One system that’s had some success in Illinois is called Indicator. It incorporates diverse data sources, can identify meaningful events, and has proven useful to public health officials, says Ian Brooks, PhD, director of the health sciences group at the National Center for Supercomputing Applications at the University of Illinois and one of the system’s developers. Indicator can handle school district attendance information, hospital data, patient calls to advice nurses, and even veterinary surveillance. And it is flexible enough to allow the use of varied modeling approaches. “It’s really a framework,” Brooks says. So instead of committing to a particular model or way of determining whether the data is normal or aberrant, researchers can apply various algorithms to the data as it comes in, quickly creating models that are linked to that data. “You see an outbreak, and you can model how it will spread and how you would slow it down,” Brooks says. During the H1N1 pandemic, he says, when school attendance data showed which schools were getting hit, the data gathered in Indicator suggested how the virus was spreading through the schools. “People then made decisions about vaccination strategies based on what we were seeing,” Brooks says. “That’s exciting.”
But to be useful for biosurveillance, a computational tool can be even simpler than that.

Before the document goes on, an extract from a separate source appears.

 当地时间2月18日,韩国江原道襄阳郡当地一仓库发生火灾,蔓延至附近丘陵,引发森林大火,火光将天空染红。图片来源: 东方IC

Polgreen’s team has built two tools that are easy to use by various different participants in the biosurveillance enterprise. One uses a maximal coverage algorithm to help public health officials decide where to locate their outpatient surveillance systems much as a retail company decides where to locate its next outlet. The second is an iPhone app for monitoring hand hygiene in hospitals. It replaces the pen, paper and clipboard surveillance currently in place in many hospitals to check whether healthcare workers are using hand hygiene as appropriate. Polgreen says it has already been downloaded by several thousand hospitals around the country. Projects like these, he says, provide valuable experience for graduate students while also making a difference in the real world.

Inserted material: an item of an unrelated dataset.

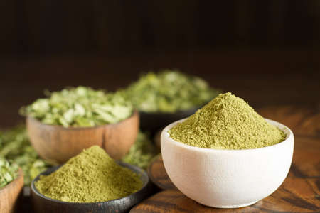 leaves and moringa powder, super food and natural medicine, Moringa oleifera.
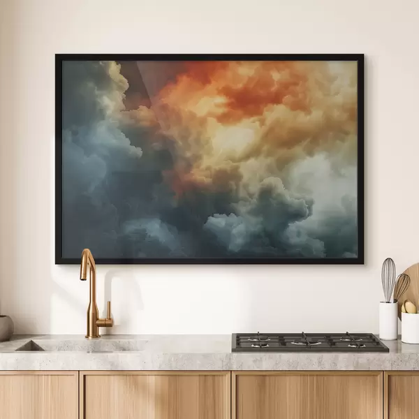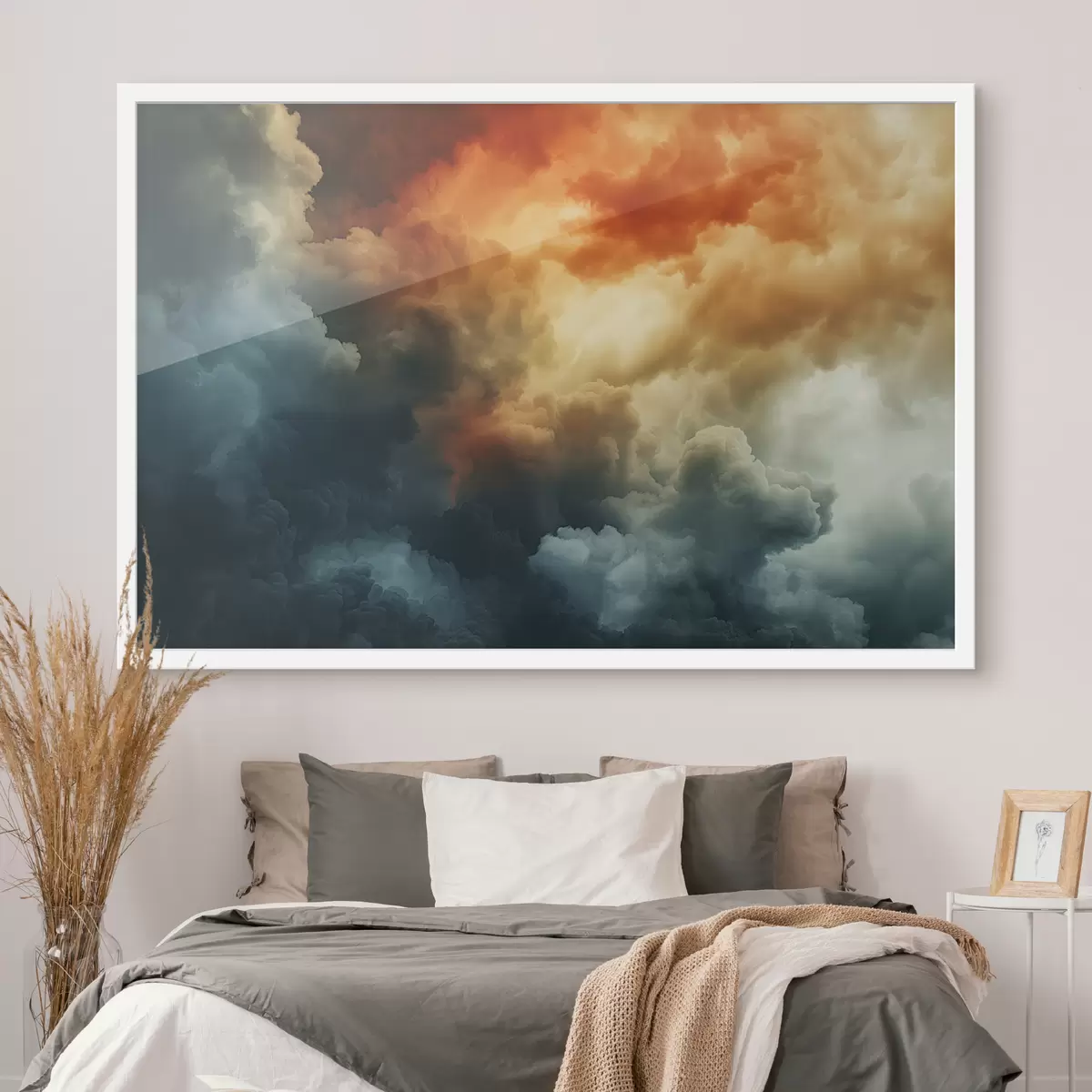 Plakatas Debesys, tamsiai mėlyna, oranžinė, antikvarinė f40784

Forecasting with Freakidemiology
Polgreen also applies ideas from economics to forecast infectious disease spread. This approach was conceived by Polgreen after meeting the creators of the Iowa Electronic Markets (IEM), which have been forecasting election outcomes by using real money to trade in political futures since 1988. Polgreen and his colleagues then launched the Iowa Electronic Health Markets (IEHM), which have been used to forecast aspects of seasonal flu, avian flu and H1N1. For example, for H1N1, the market asked what the mortality rate will be or how many states the disease will spread to in the next month. People with prior experience of the disease are invited to participate in the market. They answer the question using their personal experience in the clinic and what they know about the disease. “It’s like a survey on steroids,” Polgreen says. “Ordinarily, it’s very difficult to quantify subjective information but prediction markets help do that.”
So far, he says, markets are producing pretty good predictions of flu spread. And although futures markets won’t replace traditional forms of surveillance anytime soon, Polgreen says, when people have to make decisions with very little information, perhaps a little bit of freakidemiology can help.